確かにウェイトレスにはなっているし間違えるのは分かるけど。

 

うーん、まあいっか。

俺は普通の食事は口にしないので料理店に来てもただの冷やかしになってしまうし、ただ座ってるよりは手伝っていた方がマシである。

 

「し、少々お待ちください!」

「あれ?手伝ってくれるの?」

「うん、何も食べる予定はなかったからね」

 

ということで、妹が昼食をとっている間は俺も店員になることになった。

 

 

 

 

 

ーーーーーーーーーー

 

 

 

 

 

妹がデザートを食べ終わったので、お手伝いを切り上げて店を出た。

 

「お兄可愛かったよ」

「うるさい」

 

なんだかかなりせわしなかった。

単純に恥ずかしいし、お客さんはことある事に俺を呼びつけてくるし、それであたふたしてたらスカートの中が見えそうになるし......クラスの生徒は感謝してくれたが、もう勘弁である。

 

忙しくてあまりみーさんと話している時間はなかったけど、その分他の生徒は比較的ゆっくりできたようだ。

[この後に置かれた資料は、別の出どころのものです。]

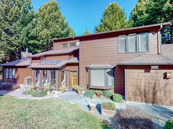 First time on the MLS: this 3 bedroom, 2.5 bathroom custom home was built by the current owner! Situated on one acre at the top of the coveted California Avenue, this home boasts an especially unique feature for Humboldt County: a permanent above ground pool featuring sand filtration and gas heating. The pool is also surrounded by extensive decking with privacy fencing. Continuing on the outside of the home, there is cedar siding, a dog run, a large garage with storage rooms, and mature landscaping with redwood trees. Connecting the home to the garage is a laundry room and mudroom. The property is also close to Arcata's forest trail system. Within the home, you'll find a brand new remote controlled gas fireplace, along with new window glass and window coverings through most of the home. Custom stained glass on the front door and side light by a local artisan. The kitchen has been recently upgraded with quartz countertops and new Cortex waterproof cushioned flooring. Connecting the living room and the kitchen is a breakfast nook area. The living room and formal dining room feature vaulted tongue and groove ceilings with skylights. Off of the formal dining room, there is both a solarium and a sitting room. The three bedrooms are upstairs, but the downstairs office could also be used as a bedroom.

どうやらみーさんはこのクラスでうまくやっていけているらしい。

病気のせいで進学が1年遅いみーさんがちゃんとやっていけているかは少し心配だったんだよね。

 

 

それからは心置きなく妹との文化祭デートを楽しんだ。

演劇を見に行ったり、出店のミニゲームで遊んだり、お化け屋敷に行って妹に抱きつかれたり、お揃いのストラップを買ったり、女子トイレの個室で血を吸わせてもらったり......とても素晴らしい時間を過ごすことができた。

 

「今日はありがとうね、お兄」

 

妹はこれから片付けがあるので俺は先に家に帰る。妹は疲れているだろうから風呂の準備でもしておこう。